Exercise: Please retype the listing exactly as it appears, skipping each picture.

[Opening Information provided section]

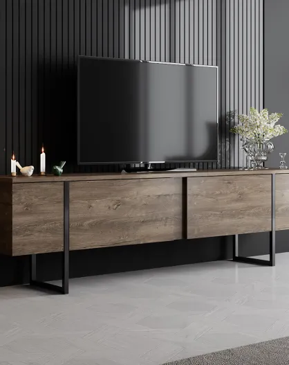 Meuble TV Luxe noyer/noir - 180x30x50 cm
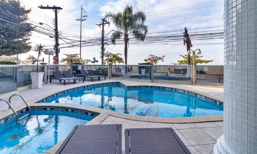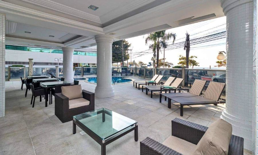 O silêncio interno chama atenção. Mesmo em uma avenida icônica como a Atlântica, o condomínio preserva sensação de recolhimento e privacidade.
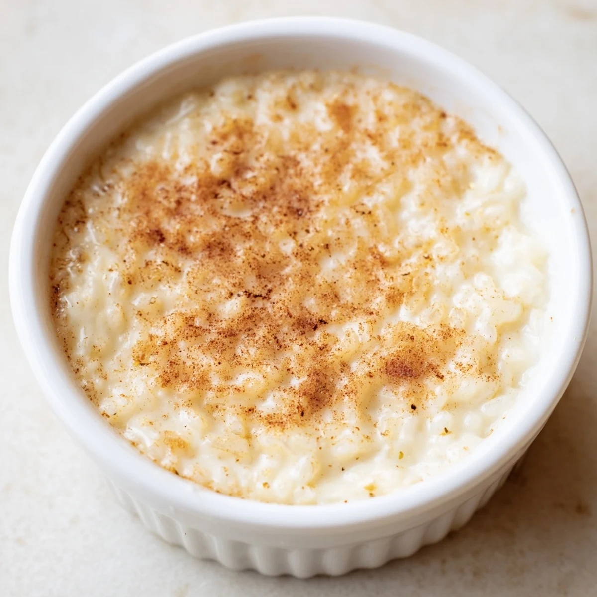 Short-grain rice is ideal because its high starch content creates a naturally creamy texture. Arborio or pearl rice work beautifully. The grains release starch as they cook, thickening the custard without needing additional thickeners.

[Closing Information provided section]

Response:
 Meuble TV Luxe noyer/noir - 180x30x50 cm
 O silêncio interno chama atenção. Mesmo em uma avenida icônica como a Atlântica, o condomínio preserva sensação de recolhimento e privacidade.
 Short-grain rice is ideal because its high starch content creates a naturally creamy texture. Arborio or pearl rice work beautifully. The grains release starch as they cook, thickening the custard without needing additional thickeners.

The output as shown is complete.